Una corriente de gracia para todos
La Renovación Carismática Católica la forman grupos de todas las edades y condiciones (casados, solteros, religiosos, jóvenes, adultos, ancianos)
que desean vivir la buena noticia del Evangelio dando al mundo un testimonio de luz y esperanza.
San Juan Pablo II definió la Renovación Carismática como
«una manifestación elocuente de la vitalidad siempre joven de la Iglesia».
La Renovación Carismática tiene como finalidad:
Tener un encuentro con Cristo, Vivo y Resucitado
Redescubrir la Gracia Bautismal y la propia identidad cristiana
Hacer presente hoy en el mundo la experiencia de Pentecostés
Renovar la Iglesia y el mundo, con la ayuda de los dones y carismas del Espíritu Santo
Nuestra identidad:
Efusión del Espíritu
Nuestra misión fundamental es hacer presente hoy en el mundo la experiencia de Pentecostés.

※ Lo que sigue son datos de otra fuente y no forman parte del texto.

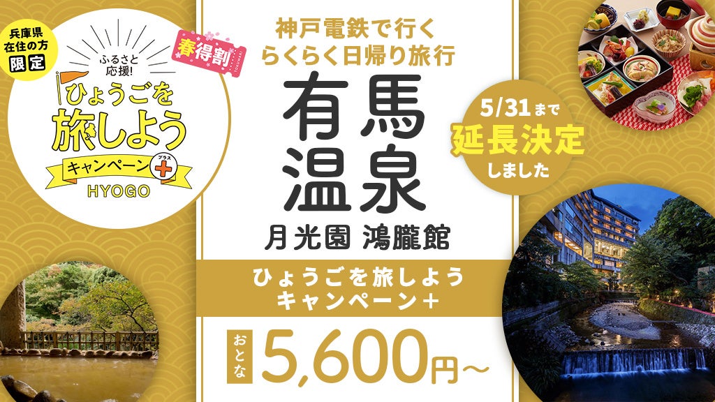 【5月31日迄延長!兵庫県民限定!】5,600円で往復神戸電鉄で行く有馬温泉「月光園 鴻朧館」豪華な昼食付温泉入浴付き日帰り販売開始
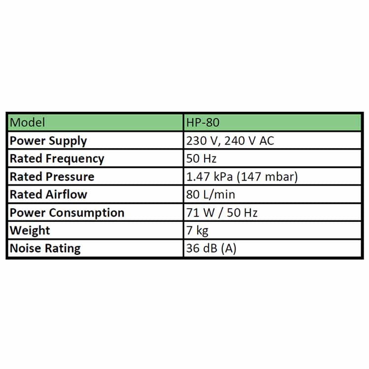 This HP-80 will deliver 80 litres of air per minute. (80 L/min)
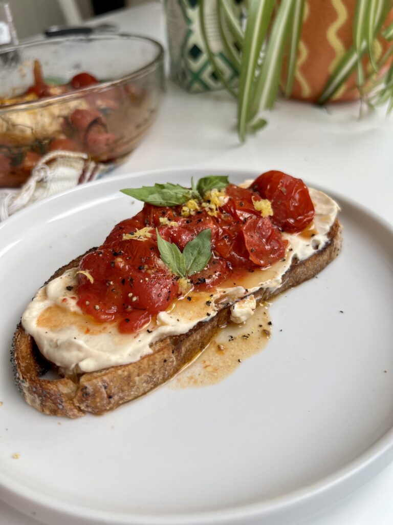 • Toast the sourdough then generously spread on the baked feta. Squash the tomatoes slightly then load them onto the toast. Drizzle over some of the cooking liquid and top with some lemon zest, basil leaves and black pepper. Devour and enjoy.
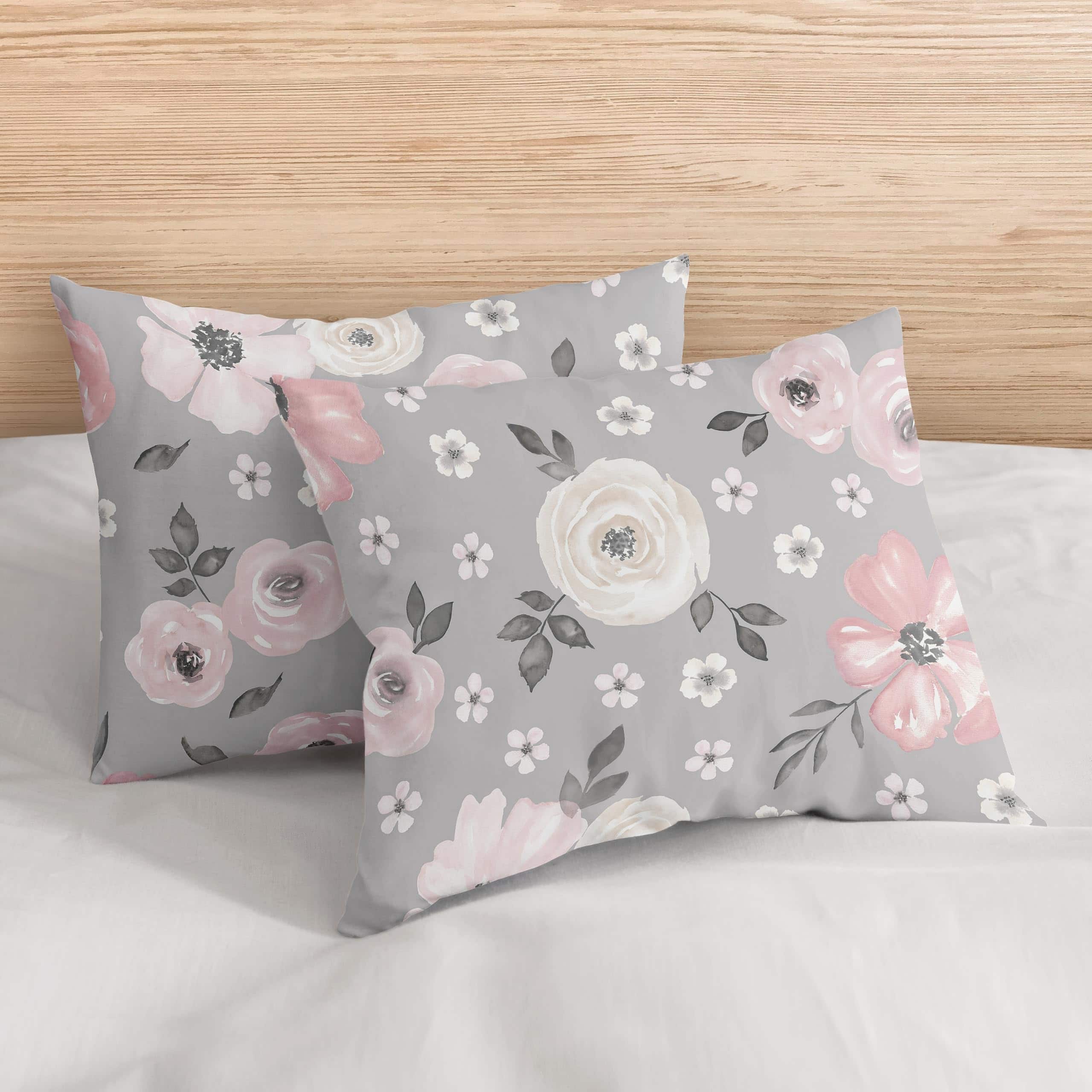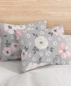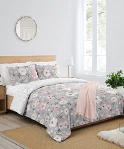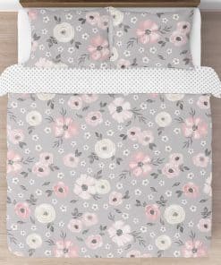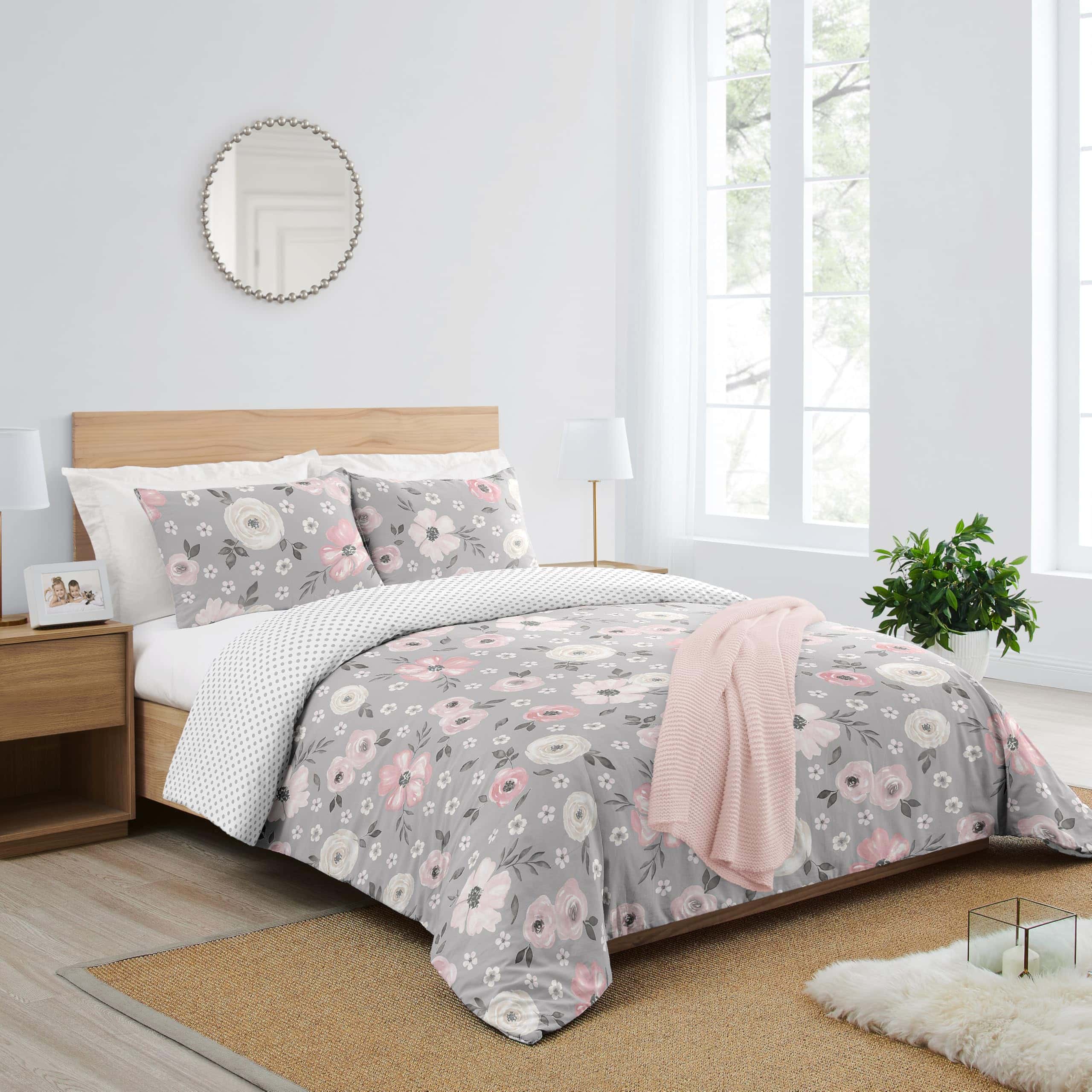 Este juego de edredón incluye un diseño exclusivo de flores de rosa pintadas a mano y mini lunares grises. Está fabricado con tejido de microfibra cepillada y es lavable a máquina. Secar en secadora a baja temperatura. Este diseño tiene accesorios a juego como tratamientos para ventanas, cestos, cortinas de baño y cojines.

Desde su nacimiento en el Cenáculo, la Iglesia ha sido enriquecida por los carismas del Espíritu Santo. Nuestra manera de acceder a este regalo es mediante los Seminarios de Vida en el Espíritu y la efusión del Espíritu, que sirven para actualizar y redescubrir el sacramento del bautismo, gracias al cual somos hijos de Dios.
Jesús es el Señor
El Espíritu Santo nos mueve a vivir una relación personal y espontánea con Jesús. Cristo no es un personaje histórico que vivió hace dos mil años, sino que ha muerto por mí, ha resucitado y está vivo. La experiencia de Pentecostés nos lleva a proclamar que Jesús es el Señor.

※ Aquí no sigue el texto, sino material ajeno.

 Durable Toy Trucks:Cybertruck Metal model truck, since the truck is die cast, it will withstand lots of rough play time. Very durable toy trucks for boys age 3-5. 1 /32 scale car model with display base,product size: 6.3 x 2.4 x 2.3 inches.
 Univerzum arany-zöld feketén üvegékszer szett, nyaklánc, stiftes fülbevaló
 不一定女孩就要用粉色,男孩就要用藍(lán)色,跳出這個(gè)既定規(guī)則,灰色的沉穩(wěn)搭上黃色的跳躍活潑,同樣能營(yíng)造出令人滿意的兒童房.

Gratuidad del Amor de Dios
En el ADN de la Renovación Carismática está la libertad. Más que hacer, lo que buscamos es dejar a hacer a Dios. Tras la experiencia del Espíritu, los bautizados redescubrimos que el Amor de Dios es “gratis”: no hay nada que puedas hacer para Dios te ame más y nada que puedas hacer para que Dios te ame menos. Más que hacer obras para Dios, lo que Jesús quiere es que nos dediquemos a hacer las obras de Dios. Y Él se encarga del resto.
Grupos de oración
Entre los descubrimientos de la experiencia carismática es que el Espíritu Santo, además de regalarnos un encuentro personal con Jesús nos descubre el gran don de la Comunidad, donde afloran los carismas del Espíritu Santo y podemos ver en los hermanos como se producen múltiples conversiones, resurge la oración que antes estaba apagada, se ilumina el entendimiento al leer la Biblia y la Palabra de Dios y estalla un canto alegre de alabanza.